5. The helmet according to claim 1 or 2, wherein, The crown portion of the head-jointing device support is connected to the head seat via an extension of the crown portion of the head-jointing device support, the extension extending around at least one of the strips and connected to itself.

6. The helmet according to claim 1 or 2, wherein, At least one limb portion of the head engagement device support is connected to the head ring via the end of the limb portion, the end of the limb portion extending around a portion of the head ring and connected to itself.

7. The helmet of claim 1, comprising at least one connector configured to connect the head engagement device to the head engagement device support while allowing the head engagement device to move relative to the head engagement device support.

8. The helmet according to claim 7, wherein, At least one connector is provided on the crown portion of the head engagement device support.

9. The helmet according to claim 7 or 8, wherein, At least one connector is provided on the limb portion of the head engagement device support.

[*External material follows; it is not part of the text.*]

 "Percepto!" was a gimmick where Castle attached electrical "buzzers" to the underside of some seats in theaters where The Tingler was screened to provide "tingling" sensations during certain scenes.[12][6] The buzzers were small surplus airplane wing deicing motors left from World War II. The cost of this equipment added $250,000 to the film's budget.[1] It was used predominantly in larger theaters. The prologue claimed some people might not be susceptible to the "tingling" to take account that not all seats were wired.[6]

10. The helmet according to claim 9, wherein, At least one connector on the limb portion of the head engagement device support is disposed at the location where the limb portion is connected to the head ring.

11. The helmet according to claim 7, 8 or 10, wherein, The connector includes a sheet of elastic, deformable material; and The elastic deformable material sheet is connected to one of the head engagement device support and the head engagement device in the inner region of the elastic deformable material sheet, and the elastic deformable material sheet is connected to the other of the head engagement device support and the head engagement device in the outer region of the elastic deformable material sheet.

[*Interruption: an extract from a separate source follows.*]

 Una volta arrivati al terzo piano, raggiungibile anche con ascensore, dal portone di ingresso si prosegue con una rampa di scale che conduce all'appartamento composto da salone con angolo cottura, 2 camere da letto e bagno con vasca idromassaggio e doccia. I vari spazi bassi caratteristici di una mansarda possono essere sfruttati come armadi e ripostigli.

12. The helmet according to claim 1 or 2, wherein, The head engagement device support includes at least one outer surface formed of fabric or felt.

13. The helmet according to claim 12, wherein, The head engagement device support is formed of a material comprising a foam layer laminated between two layers of fabric or felt; and The foam layer is stiffer than the fabric or felt layer.

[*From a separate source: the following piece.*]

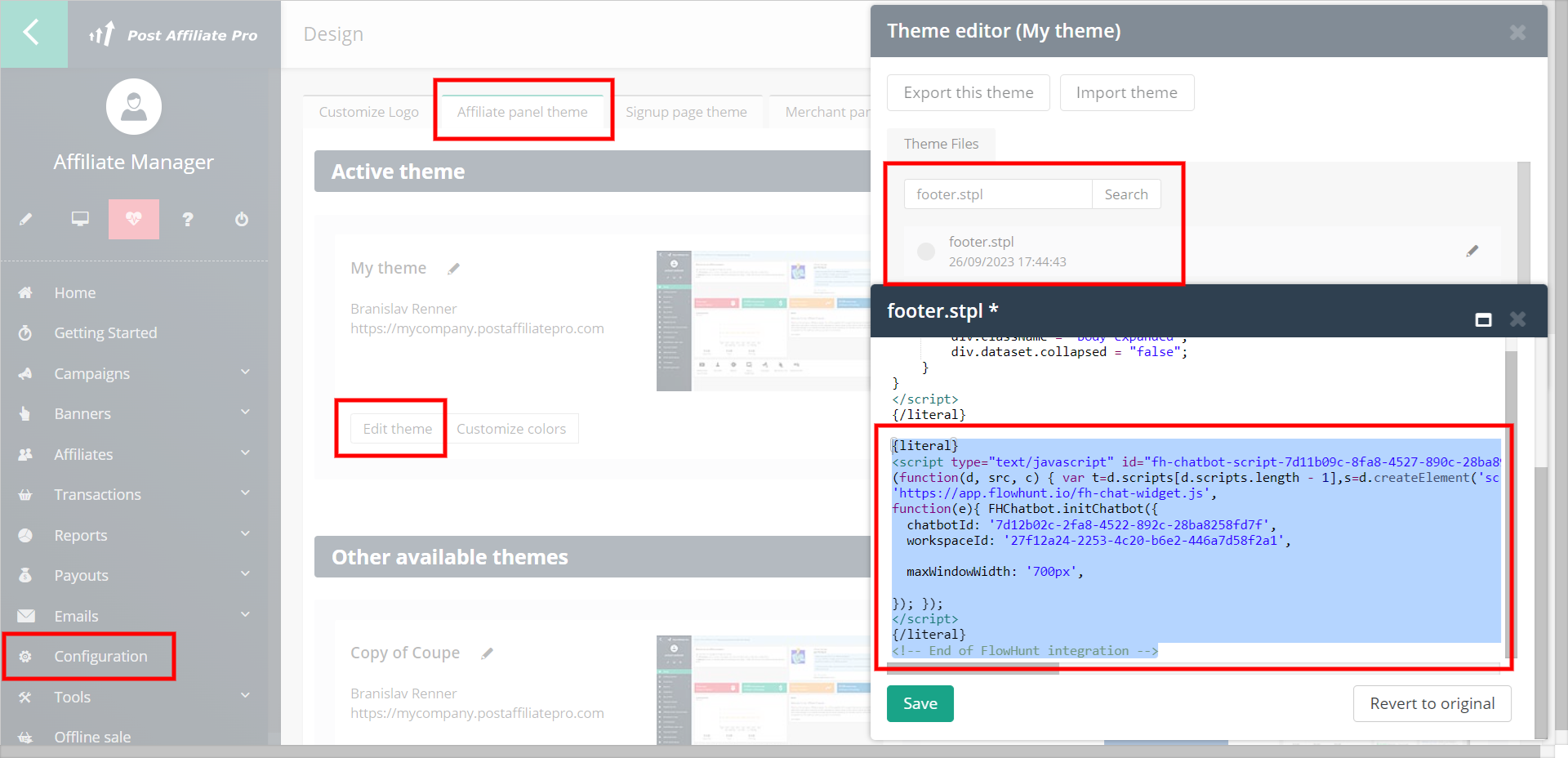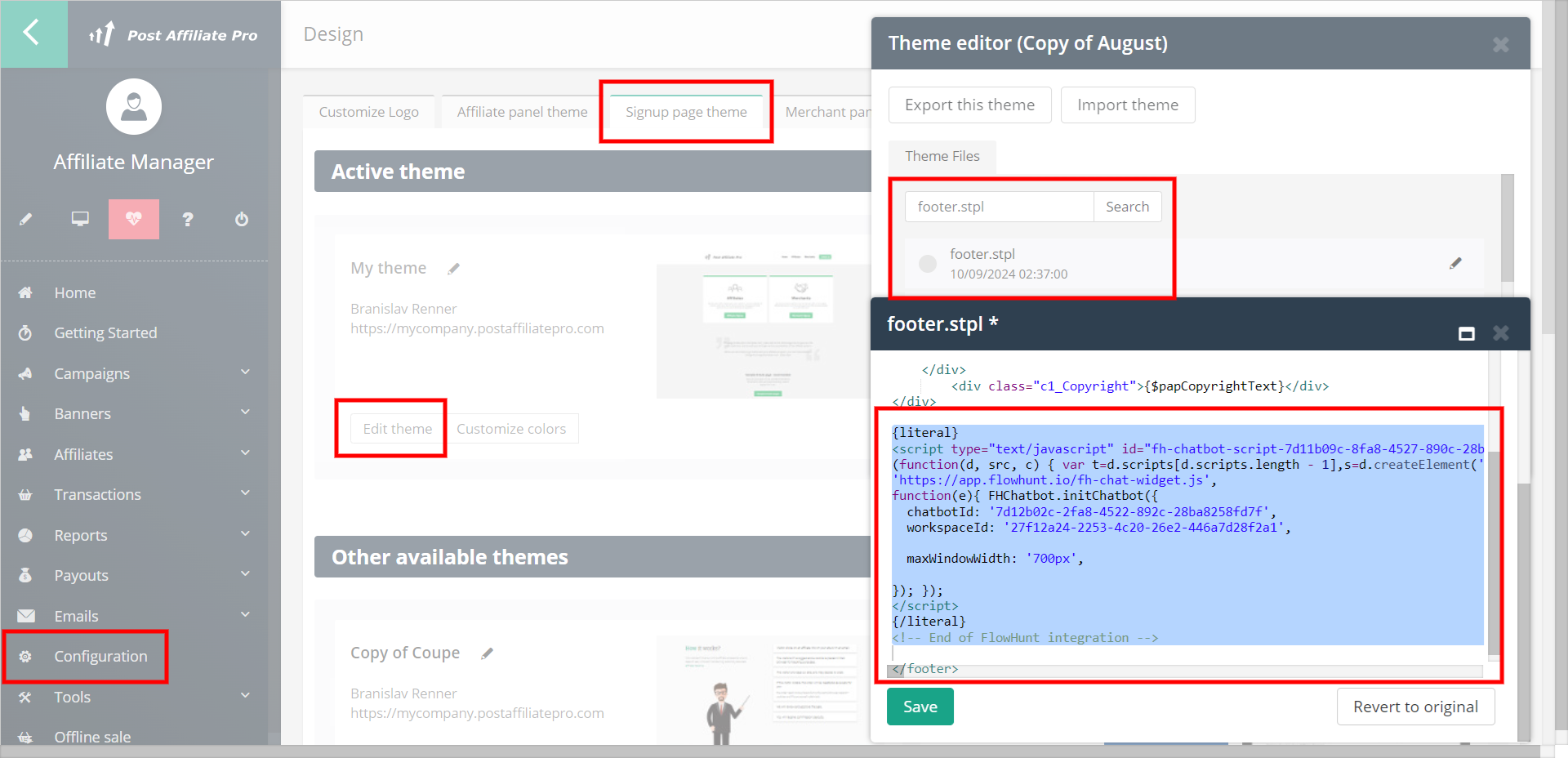 If you want to add the chatbot to your Post Affiliate Pro portal, navigate in your merchant account to Configuration > Design > Signup page theme, edit your active theme, open the "footer.stpl" file, and add the script before the </footer> HTML tag. Remember to enclose the script into the {literal} {/literal} tags, as all scripts need to be.

14. The helmet according to claim 12, wherein, The head engagement device support is formed of two layers of fabric or felt, with a plastic plate inserted between the two layers of fabric or felt. The plastic plate has a shape corresponding to at least a portion of the head engagement device support.

15. The helmet according to claim 1 or 2, wherein, A low-friction interface is provided between the head engagement device and at least one of the head seat and the head engagement device support.

16. The helmet according to claim 15, wherein, The low-friction interface is provided by the low coefficient of friction between the head engagement device and the surface of the head seat and / or the head engagement device support.

17. The helmet according to claim 1 or 2, wherein, The head engagement device is connected to the head base.

18. The helmet according to claim 1 or 2, wherein, The headstock includes a plurality of strips extending between a pair of opposing connection points on the outer casing.

19. The helmet according to claim 1 or 2, wherein, The head engagement device is configured as a separate component.

20. The helmet according to claim 1 or 2, wherein, The head engagement device is formed from multiple separate parts.

21. The helmet according to claim 1 or 2, wherein, The head-mounted device includes a crown region and a front region, the crown region being configured between the top of the helmet wearer's head and the headband, and the front region being configured adjacent to the headband.

22. The helmet according to claim 21, wherein, The head-jointing device also includes a middle region that connects the crown region to the anterior region.

23. The helmet according to claim 1 or 2, wherein, The head-fitting device includes a material plate shaped to conform to the head of the helmet wearer.

24. The helmet according to claim 1 or 2, wherein, When the helmet is not subjected to impact, the gap between the outer shell and the headrest at a position corresponding to the top of the wearer's head, provided by the air gap, is at least 10 mm.